Supplementary material

Biased codon usage near intron-exon junctions: selection on splicing enhancers, splice site recognition or something else?

Jean-Vincent Chamary and Laurence D. Hurst

Department of Biology and Biochemistry, University of Bath, Bath, UK, BA2 7AY

Corresponding author: Hurst, L.D. ().

Dataset of complete coding sequences

We started with the same version of the human exon-intron database employed by Eskesen et al. [1], which contains 47 908 exons from 7150 entries. However, many sequences are incomplete, not starting with ATG and/or not finishing with a stop codon. These were eliminated. Sequences with non-terminal in-frame stop codons were also excluded. Moreover, many genes are duplicates of some variety, either different but similar genes, different versions of the same gene or, in some cases, identical copies of the same gene. We therefore performed an all-against-all BLAST (using E = 0.001), eliminating all but one of each duplicate cluster. We arbitrarily retained the longest entry or, when several long coding sequence were present, selected one at random. Of the remaining coding sequences, we cross-referenced the protein identifier with NCBI (http://www.ncbi.nlm.nih.gov), which revealed five non-human genes. Before ignoring first and last exons, this left 18 414 exons from 2033 genes. Our final dataset consisted of 14 407 exons in 1802 genes.
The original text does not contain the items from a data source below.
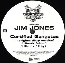 "Certified Gangstas" is a song by American hip hop recording artist Jim Jones, released as his solo debut single as well as the lead single from his debut solo studio album On My Way to Church. The song features vocals from Jay Bezel and Jones’ fellow Dipset cohort Cam'ron. The song reached number 80 on the Hot R&B/Hip-Hop Songs in the United States. Jones has said the song is an ode to West Coast hip hop legend Eazy-E's 1987 single, "Boyz-n-the-Hood", which the song samples.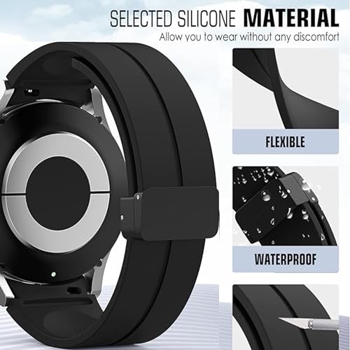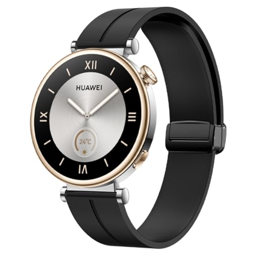 NESLIN - سوار مغناطيسي من نيسلين متوافق مع ساعة هواوي GT4 41 ملم 2023، بديل إبزيم مغناطيسي على شكل D، سوار سييكون جديد 18 ملم للنساء والرجال (أسود)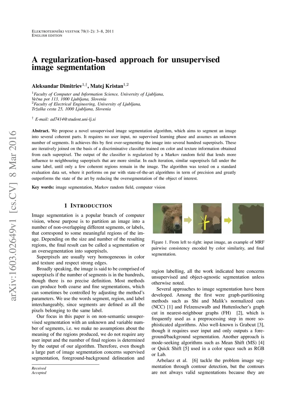 A regularization-based approach for unsupervised image segmentation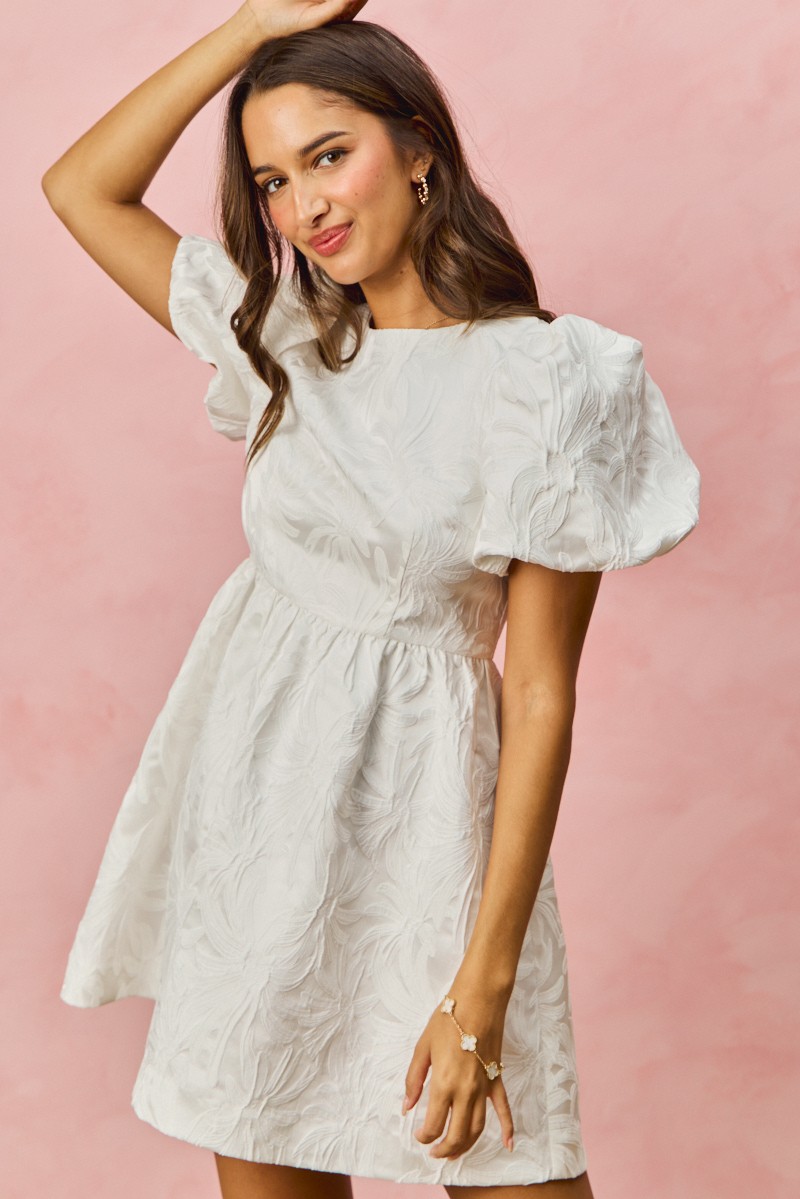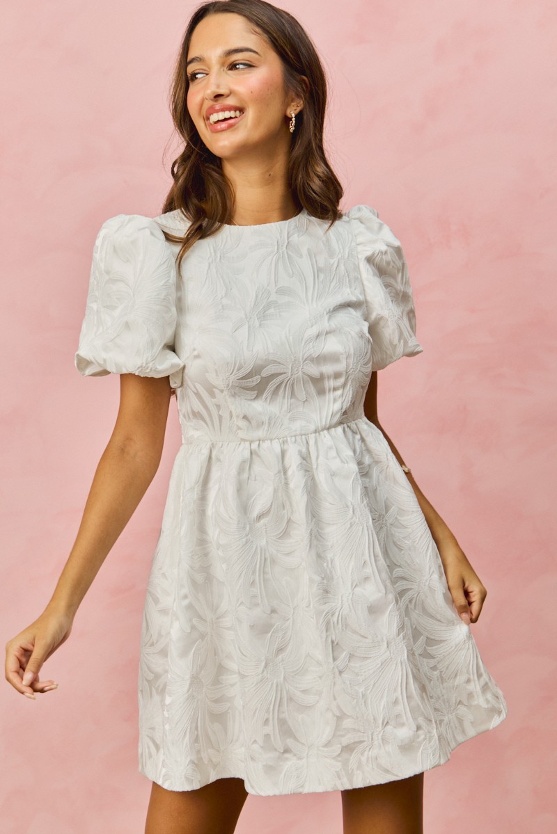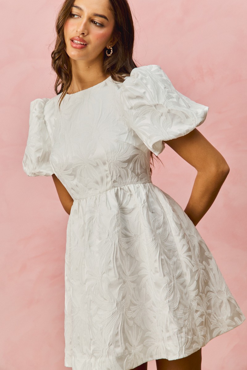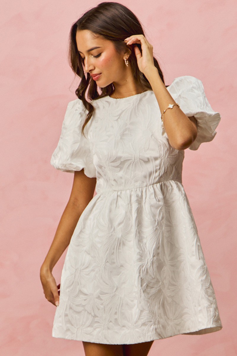 So Me Floral Jacquard Bubble Shorts Sleeves Mini Dress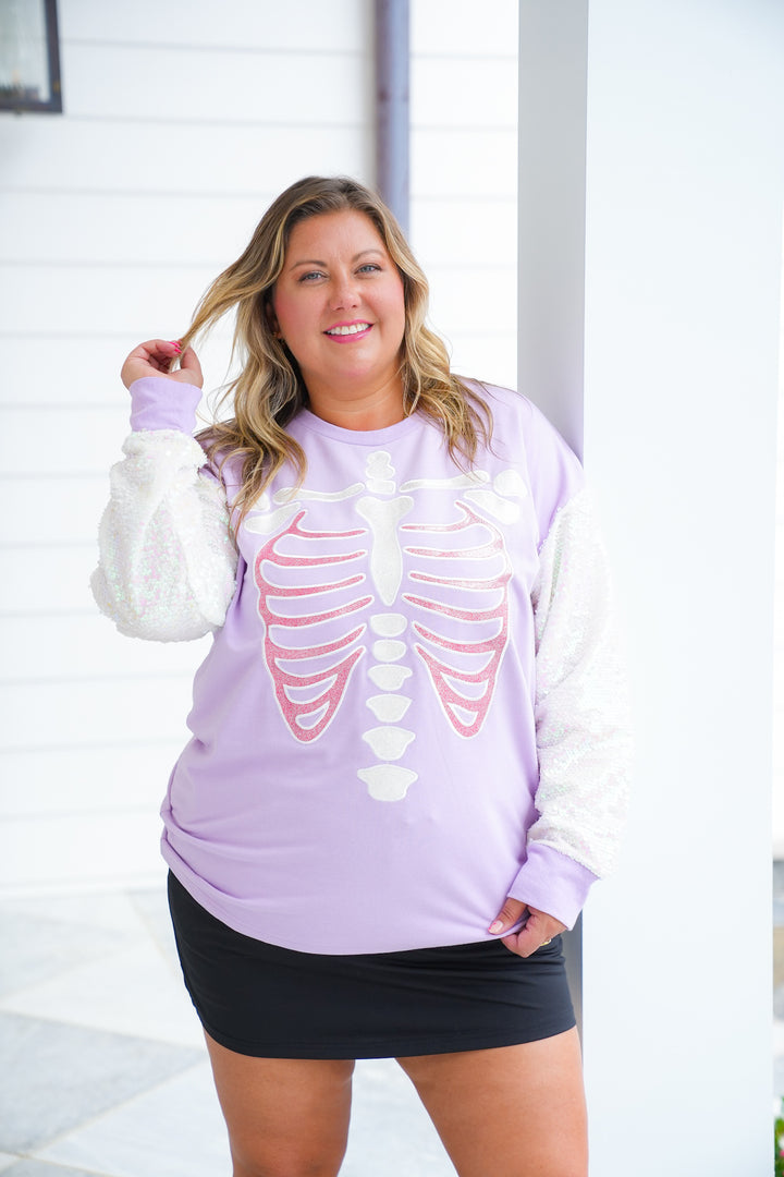 Plus/Reg Glitter Skeleton Long Sleeve Top with Sequins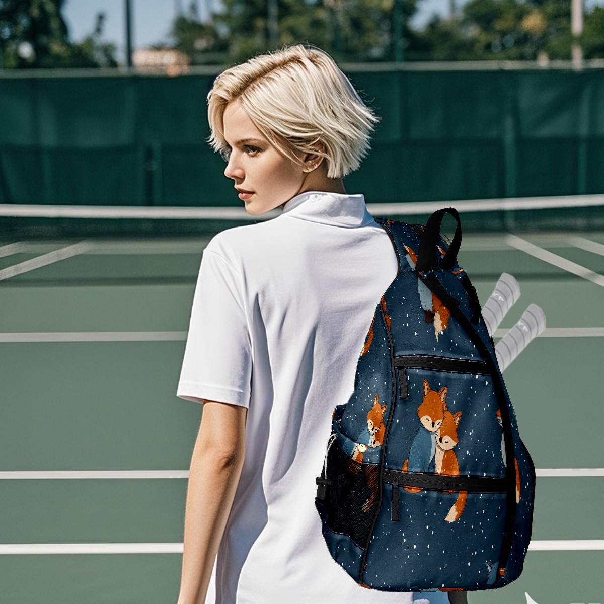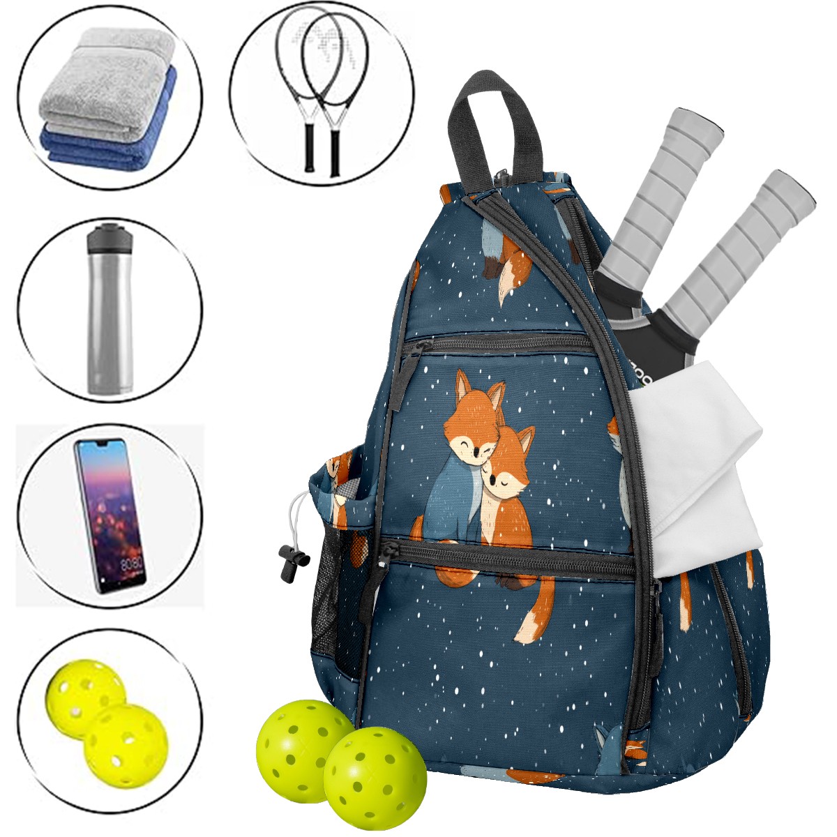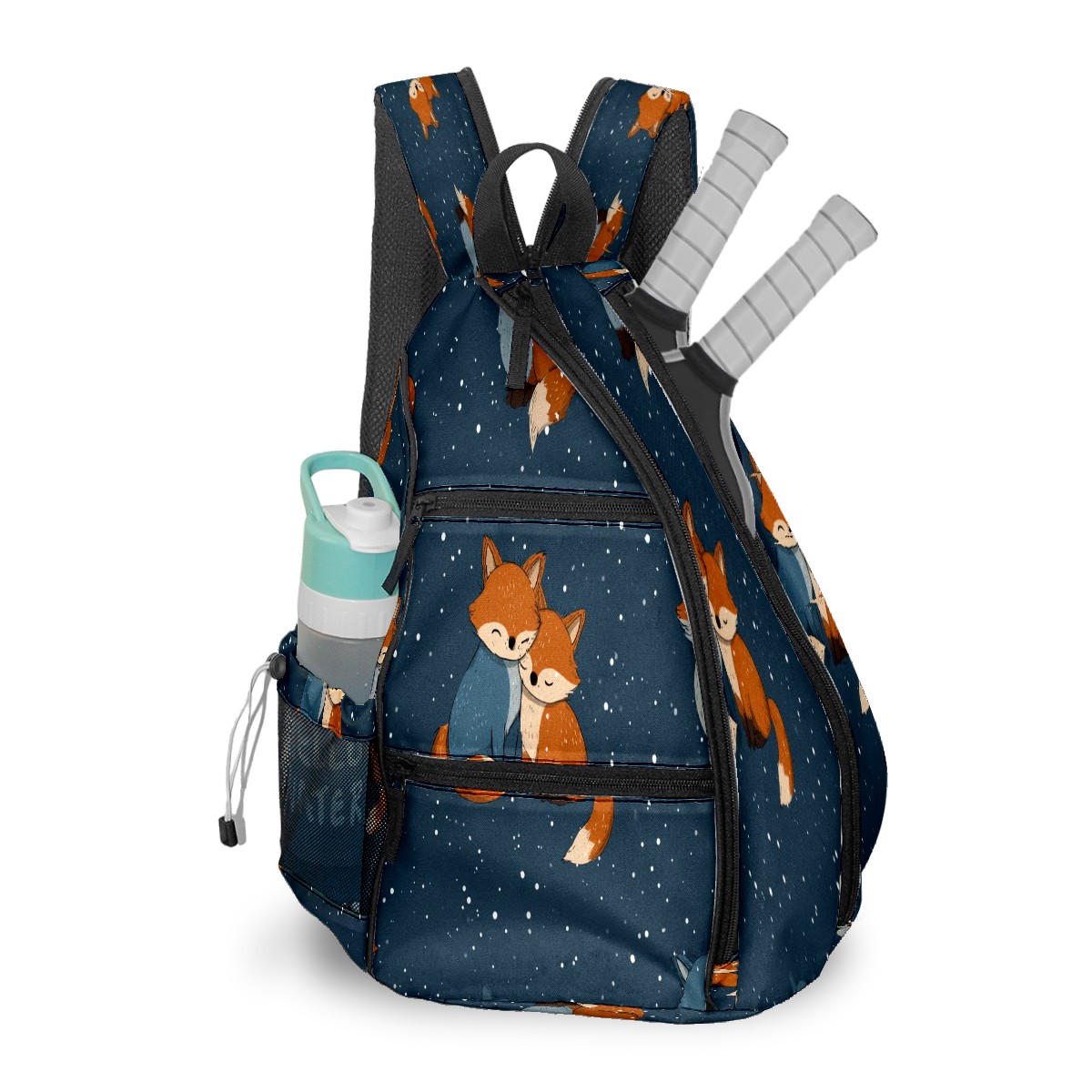 Print Pickleball Backpack Blue Foxes | Padded 6-Paddle Compartment & Separate Shoe Bag | Multi-Pocket Sports & Gym Backpack for Tennis, Travel, Commute

Proportional usage of synonymous codon pairs as a function of distance from junctions

All exons were trimmed so that the first and last codons were whole (i.e. removing 0–2 nucleotides from both ends). Each exon was divided in two, the first half being considered the 5’-end, the second the 3’-end. Under this protocol no given codon can be counted more than once. Running towards the interior of an exon, the distance from the intron-exon junction is the number of whole codons between a given codon and the junction pertinent to the half-exon. The first whole codon at each end was hence the 0th codon.

For each synonymous codon pair of interest, we count the number of codons at each position relative to the intron-exon junction. We estimate biases by considering the proportional use of the first codon within the pair, which is given by codon1/(codon1 + codon2). The 0th codon was excluded due to known preferences at junctions (e.g. because AAG is often the last codon at the 3’ end of an exon [2], AAA will be comparatively rare).

Proportional representation of codons in candidate exonic splicing enhancer hexamers

We counted the number of occurrences of each of the 64 possible codons in a list of strong candidate hexamers, separated into clusters with high sequence similarity (kindly provided by Will Fairbrother, [3]) that define human ESEs. From these clusters we determined whether a given hexamer enhanced splicing at the 5’ and/or 3’-ends of exons. We then split each hexamer in the non-redundant lists into four codons (starting at positions 1, 2 and 3), which yielded 95 hexamers for the 5’-end (a 380-codon set) and 177 hexamers with 3’ activity (708-codon set). A list of 238 hexamers that is not split by 5’ or 3’ activity can be obtained from the RESCUE-ESE web server (http://genes.mit.edu/burgelab/rescue-ese).

References

1 Eskesen, S.T. at al. (2004) Natural selection affects frequencies of AG and GT dinucleotides at the 5' and 3' ends of exons. Genetics 167, 543–550

2 Sun, H. and Chasin, L.A. (2000) Multiple splicing defects in an intronic false exon. Mol. Cell. Biol. 20, 6414–6425

3 Fairbrother, W.G. et al. (2002) Predictive identification of exonic splicing enhancers in human genes. Science 297, 1007–1013


Figure 1. The proportional usage of one codon within a synonymous pair as a function of distance from intron-exon junctions. For each of the following synonymous codon pairs, the plot for the distance from the 5’-end (in the 5’ to 3’ direction) of the exon is plotted on the left hand side, whereas distance from the 3’-end of the exon (in the 3’ to 5’ direction) is plotted on the right hand side. The plotted lines are the best fit regression lines weighted by the number of codons in the sample, for each given codon pair, at the given distance. For a statistical resume of results, see Table 1 in the main text.